2.4. Mediastinal masses

Compression of the intrathoracic trachea or bronchi can also occur due to the presence of a mediastinal mass. A high-grade partial obstruction will result in air-trapping during exhalation with an over distended pulmonary lobe, whereas complete obstruction produces atelectasis. Compressive symptoms typically consist of tachypnea, wheezing, stridor, and cough. Teratomas of the anterior mediastinum are the most common cause in newborns [8]. These typically benign lesions can cause life-threatening respiratory distress requiring urgent surgical excision. The presence of calcifications on imaging studies is diagnostic for mediastinal teratoma. Additionally, lymphatic malformations can occasionally be located in the mediastinum (5%) and cause mass effect with compressive symptoms.

2.5. Double aortic arch

In double aortic arch, the paired aortic arch arteries fail to remodel appropriately, which results in two aortic arches completely encircling the trachea and esophagus prior to rejoining posteriorly to form the descending aorta. The most common presenting symptoms are due to tracheal compression and include stridor, wheezing, cough, and respiratory distress [9]. Esophageal symptoms are also common and include difficulty feeding and vomiting. Clinicians must have a high index of suspicion given the rarity of double aortic arch, and the diagnosis can usually be confirmed by echocardiography. Treatment involves thoracotomy, or video-assisted thoracoscopy (VATS) where available, with ligation and division of the smaller aortic arch and patent ductus arteriosus.

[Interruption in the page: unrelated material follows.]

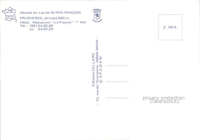 12493983 Prunieres Hautes-Alpes Lac de Serre Poncon Hotel Le Preyret postalisch nicht gelaufen Erhaltung siehe scans KatCode: 11170005205106

3. Bronchopulmonary malformations

3.1. Bronchogenic cysts

Bronchogenic cysts arise from anomalous budding during development and can occur throughout the tracheobronchial tree but are most commonly located near the carina [10]. Although rare, these lesions are among the most common lower respiratory tract malformations. Affected patients typically present as older children with recurrent pneumonia, but they may become symptomatic during infancy. Newborns with rapidly enlarging central cysts can develop compressive symptoms consisting of respiratory distress, cyanosis, and feeding difficulty that necessitate early surgical excision (Fig. 4).

Fig. 4.

Fig. 4.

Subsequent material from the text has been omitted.